Justice Hugo Black is also the guy who perverted the whole "separation of Church and State" bull$#@!.

so now instead of government being prevented from interfering with say a prayer before a high school football game.. now the goverment prevents the prayer before a high school football game.

----------


## r33d33

ok, I was just wondering if a right to privacy is constitutional and how it is

----------


## JoshLowry

http://www.lewrockwell.com/paul/paul120.html




> Consider the _Lawrence_ case decided by the Supreme Court                  in June. The Court determined that Texas had no right to establish                  its own standards for private sexual conduct, because gay sodomy                  is somehow protected under the 14th amendment “right to privacy.”                  *Ridiculous as sodomy laws may be, there clearly is no right to                  privacy nor sodomy found anywhere in the Constitution.*  There are,                  however, _states’ rights_ – rights plainly affirmed                  in the Ninth and Tenth amendments. Under those amendments, the                  State of Texas has the right to decide for itself how to regulate                  social matters like sex, using its own local standards. But rather                  than applying the real Constitution and declining jurisdiction                  over a properly state matter, the Court decided to apply the imaginary                  Constitution and impose its vision on the people of Texas.
> 
> Whether it’s gun rights, abortion, taxes, racial quotas,                  environmental regulations, gay marriage, or religion, federal                  jurists are way out of touch with the American people.


I still am not sure how I feel about the states regulating consensual sex. 

If we did have 50 sovereign states then they probably would not pass ridiculous laws.
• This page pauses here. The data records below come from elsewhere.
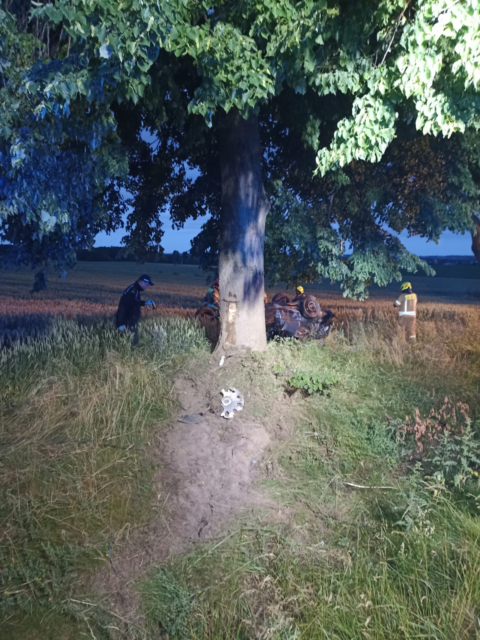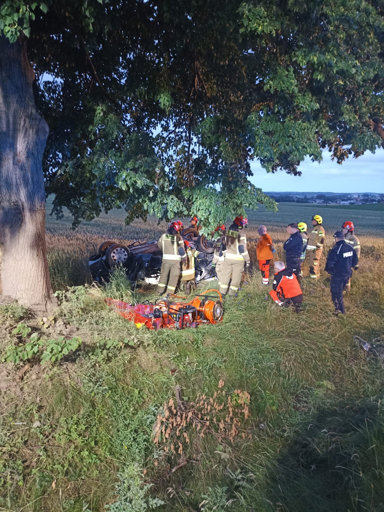 Przybyłe jednostki ustaliły, że kierujący samochodem osobowym młody mężczyzna na łuku drogi uderzył pojazdem w przydrożne drzewo przewracając się na dach. Kierujący, który podróżował samodzielnie znajdował się w pojeździe. Obecny na miejscu zespół ratownictwa medycznego stwierdził zgon poszkodowanego.
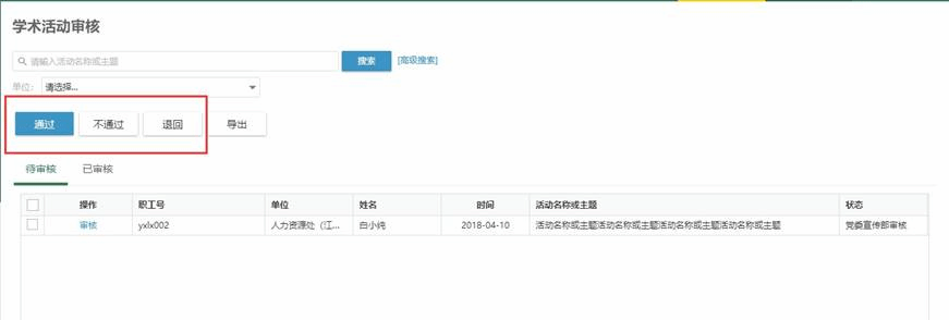 1.当选择“通过”即表示该学术活动申请流程通过结束;
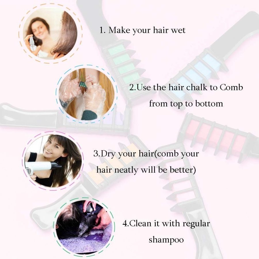 - Seguro: el peine de tiza para tinte temporal para el cabello está hecho de un material ecológico, que no es una carga para el cuerpo y se puede lavar con champú normal.
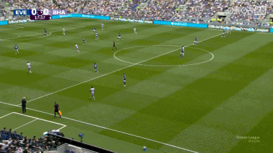 體育資訊08月24日訊 布萊頓vs埃弗頓比賽第17分鐘,三笘薫接后場長傳,高難度挑球甩飛兩人,凌空抽射擊中橫梁彈出。
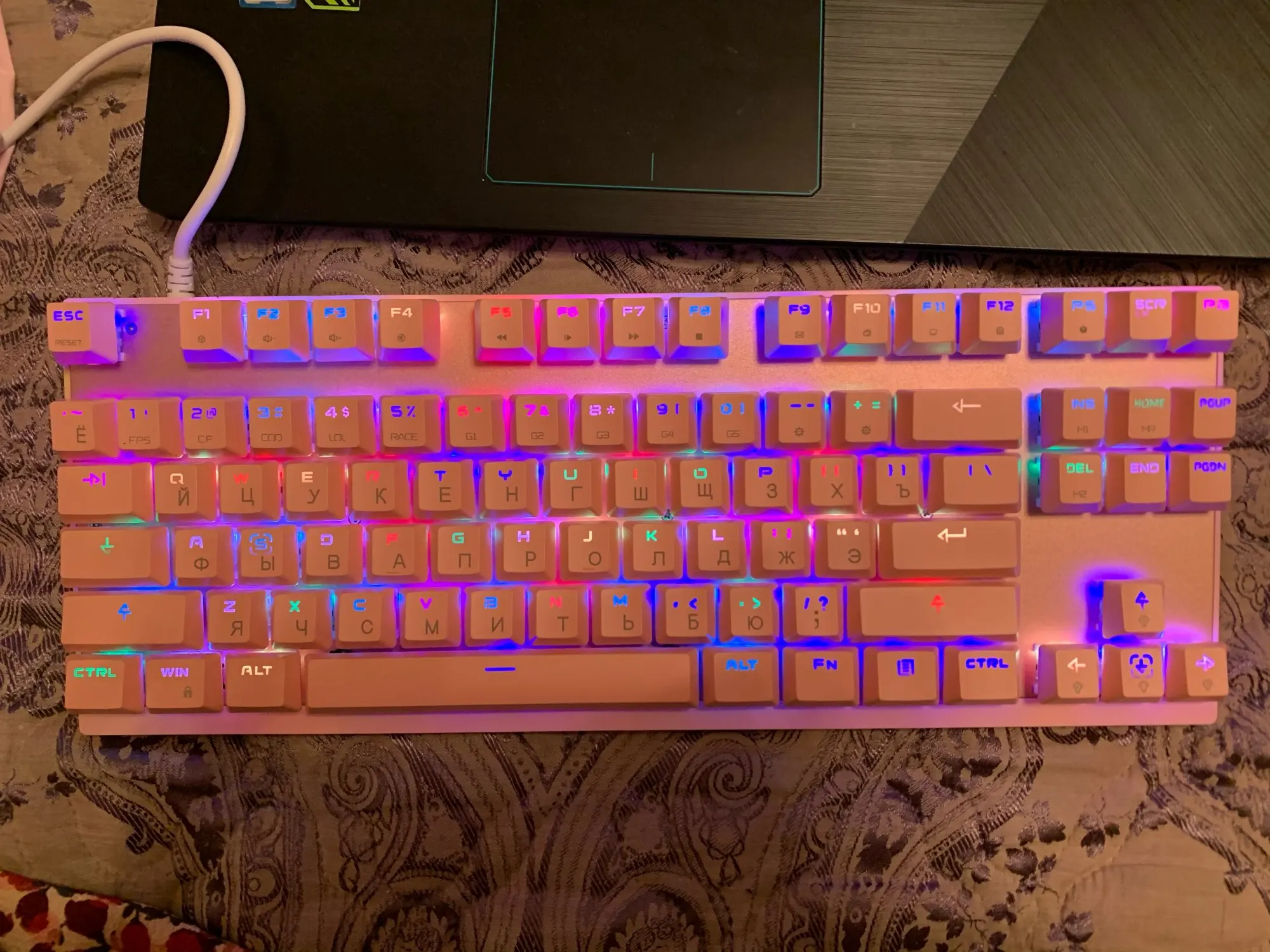 Хорошая Клава за свои деньги! Русские буквы выглядят не очень и немного люфтит, но в целом все работает. Очень много режимов подсветки на любом вкус. Минус: достаточно долго шла до Казахстана. Но тем не менее - Советую!
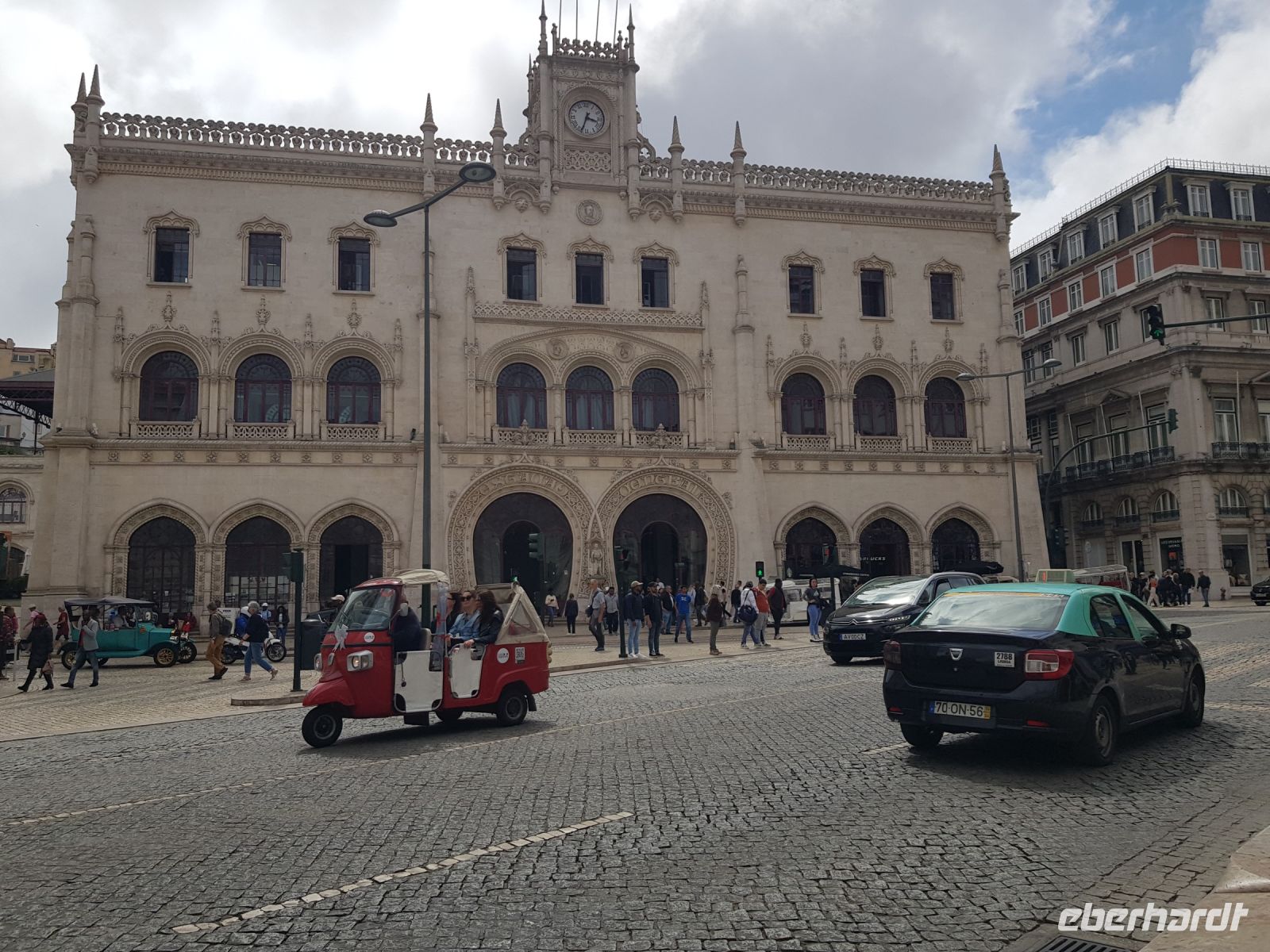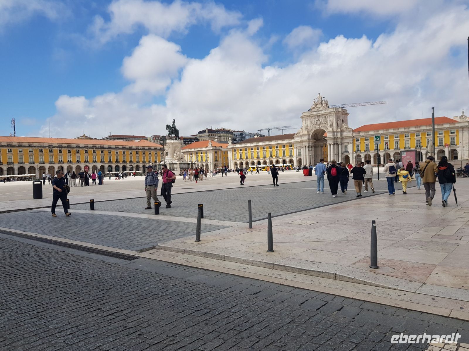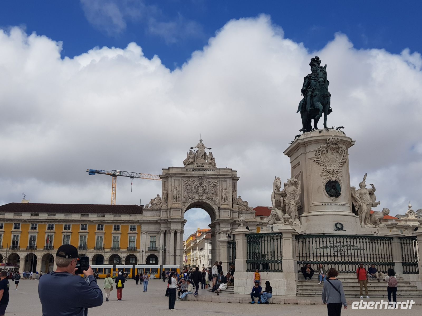 Die Entscheidung ist längst gefallen: auch wenn die Fahrzeit nach Lissabon jeweils hin und zurück 3 Stunden dauert, wir fahren auf jeden Fall! Nach einem vorzeitigen Frühstück geht es los. Unterwegs erzählt Elisabeth viel über den Alentejo, der 1/3 der Fläche Portugals einnimmt und früher das Armenhaus des Landes war. Auch heute noch muss man schwer auf den Obstfeldern arbeiten und wenn nicht genug Regen fällt ist gleich mal die ganze Ernte weg. Hier wachsen neben Zitrusfrüchten auch Wein, Tomaten, Oliven, Avocados, es gibt Mais-und Reisfelder und viel Weidefläche für Schafe, Ziegen und Rinder. Weil es aber im März/April ausnahmsweise viel geregnet hat, fahren wir durch grüne Landschaften, Flächen, auf denen Rinder weiden, Obstplantagen, Eukalyptus- und Korkwälder, dann wieder sanfte Hügel, die man hier als Berge bezeichnet, was aber einer Österreicherin wie Elisabeth ein Lächeln abringt. Gegen frühen Mittag fahren wir dann über die bekannte Brücke "Ponte 25 de Abril", eines der ersten Wahrzeichen der Stadt und der Golden Gate Bridge in San Fransisco sehr ähnlich. Eine kleine Stadtrundfahrt führt am UNESCO-Weltkulturerbe Hieronymus-kloster ( hier Mosteiro dos Jeronimos genannt ) vorbei. Auf der Fahrt erhaschen wir noch einen Blick auf die Jesusstatue, auf das Denkmal der Entdeckungen - Padrao dos Descobrimentos. Schliesslich werden wir in der Innenstadt abgesetzt und nun beginnt die Stadtführung mit Elisabeth. Wir staunen über wunderschöne Plätze mit Statuen, die Kopie des Eiffelturms ( Elevator de Santa Just), ein Touristenmagnet, an uns fahren die alten und bekannten Strassenbahnen vorbei, werfen einen Blick in eine der vielen Kirchen... Lissabon ist eine Stadt zum Verlaufen und das passiert dann auch...Einige von uns setzen sich mit und Einige ohne Ortskenntnis ab, Elisabeth hat eine Sonderaufgabe und Reisebegleitung Steffi schnappt sich Interessenten, um den Berg mit dem CASTELLO SAO JORGE zu erklimmen. Wir machen einen kleinen Umweg : vom Stadtzentrum gehen wir durch den Triumphbogen ARCO DA RUA AUGUSTA zum Handelsplatz ( PRACA DO COMERCIO ) . Er ist einer der prächtigsten Plätze in Lissabon, an drei Seiten umgeben von großen gelben Gebäuden im Pombalin-Stil. ( MARQUES DE POMBAL leitete nach der Zerstörung der Stadt durch ein Erdbeben den Aufbau der unteren Stadt ebenso wie in VILLA REAL SAN ANTONIO. Die südliche Seite blickt auf die TEJO-Mündung. Eine Stadt an einem Fluss übt immer eine besondere Anziehungskraft aus. Danach besteige ich mit 4 Gästen ein Tuk-Tuk, der Fahrer versteht seine Gäste zu unterhalten es ist echt lustig. Aufgrund hohen Besucheraufkommens ist es nicht allen vergönnt, Tickets für die Burg zu bekommen. Wir erkunden das Viertel ALFAMA mit seinen engen Gassen, finden einen Turm mit herrlicher Aussicht auf die Stadt ( statt Eintrittskarten für 5 Euro gibt es einen Becher Rot-oder Weißwein oder eine Flasche Wasser oder frisch gepressten Orangensaft). Bevor es zum vereinbarten Treffpunkt geht, probieren wir noch frisch zubereitete PASTEIS DE NATA. Unser Bus kann pünktlich 16 Uhr starten und gegen 19:30 Uhr sind wir wieder im Hotel. Beim Abendessen tauschen wir uns aus, wer welche Sehenswürdigkeiten erkundet hat.
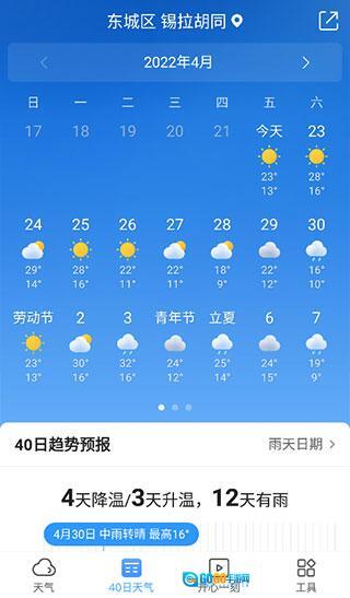 进入40天天气界面,能了解接下来一个多月的天气趋势,系统还会自动汇总气温波动的天数以及降水的天数,各类天气信息清晰直观。
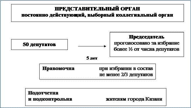 Казанская городская Дума (далее – Городская Дума) – постоянно действующий выборный коллегиальный представительный орган. Городская Дума подотчетна и подконтрольна жителям города. Городская Дума состоит из 50 депутатов, избираемых на муниципальных выборах сроком на 5 лет. 25 депутатов Городской Думы избираются по одномандатным избирательным округам, образуемым на основе средней нормы представительства избирателей на одномандатный избирательный округ. 25 депутатских мандатов распределяется между списками кандидатов, выдвинутыми избирательными объединениями. Полномочия депутата Городской Думы начинаются со дня его избрания и прекращаются со дня начала работы Городской Думы нового созыва. Днем начала работы Городской Думы нового созыва считается день проведения ее первого после выборов заседания. Депутат Городской Думы работает на непостоянной основе, совмещая депутатскую деятельность с выполнением трудовых и служебных обязанностей по месту основной работы, за исключением случаев, установленных настоящим Уставом. На постоянной основе в Городской Думе работают депутаты, избранные на выборные муниципальные должности Мэра города Казани, первого заместителя, заместителей Главы муниципального образования, секретаря Городской Думы. Городская Дума является правомочной при избрании в ее состав не менее 2/3 депутатов. Компетенция Городской Думы 1. В компетенции Городской Думы находятся следующие полномочия: -принятие Устава города и внесение в него изменении и дополнений; -утверждение бюджета города и отчета о его исполнении; -установление, изменение и отмена местных налогов и сборов, предоставление льгот по их уплате в соответствии с законодательством Российской Федерации о налогах и сборах; - принятие планов и программ развития города, утверждение отчетов об их исполнении; -определение порядка управления и распоряжения имуществом, находящимся в муниципальной собственности города; -определение порядка принятия решений о создании, реорганизации и ликвидации муниципальных предприятий и учреждений; -определение порядка участия города в организациях межмуниципального сотрудничества; -назначение даты выборов депутатов Городской Думы; -назначение членов Избирательной комиссии муниципального образования города Казани; -установление общеобязательных правил на территории города Казани в соответствии с законодательством; -установление официальных символов города Казани и порядка их официального использования; -исполняет иные полномочия в соответствии с Уставом города, Регламентом Городской Думы и иными правовыми актами Городской Думы. 2. Городская Дума по вопросам своей компетенции принимает решения, обязательные для соблюдения и (или) исполнения всеми юридическими лицами и жителями на территории города Казани. Основной формой работы Городской Думы является сессия, которая проводится не реже одного раза в три месяца. В период между сессиями деятельность Городской Думы осуществляется в форме заседаний Президиума, постоянных комиссий, депутатских объединений, фракций, временно созданных комиссий (в том числе выездных заседаний), дней депутата и других формах.

They would be much more in touch with the people.

----------


## DamianTV

> ok, I was just wondering if a right to privacy is constitutional and how it is


The Right to Privacy is not specifically listed in the bill of rights, although IMHO, it should be.  Its considered by the Supreme Court as a Penumbra right (edge of a shadow) of the 4th Amendment.




> The right of the people to be secure in their persons, houses, papers, and effects, against unreasonable searches and seizures, shall not be violated, and no Warrants shall issue, but upon probable cause, supported by Oath or affirmation, and particularly describing the place to be searched, and the persons or things to be seized.


The cases considered that what a person does, thinks, and feels IS encompassed by the words "persons" and "effects".

---

What we are seeing occur today is as a result of what usually happens.  

As so long as removing a persons rights provides a benefit to those that would be able to abuse people without said rights, those rights will continue to be eroded away until they are no longer exisitent.  - ME

Thus:  If it is profitable for companies to get rid of your right to privacy by monitoring and phoning home everything that you watch on your TV, companies will continue to build cable boxes, satellite receivers, and multimedia box sets that "require" a phone line or internet access to "update" their stuff.  Truthfully, updating means that you can have a passive unit that only listens.  THe real updating happens on THEIR end where they update their profile on what shows you watch, what time you watch the shows, and what commercials you watch.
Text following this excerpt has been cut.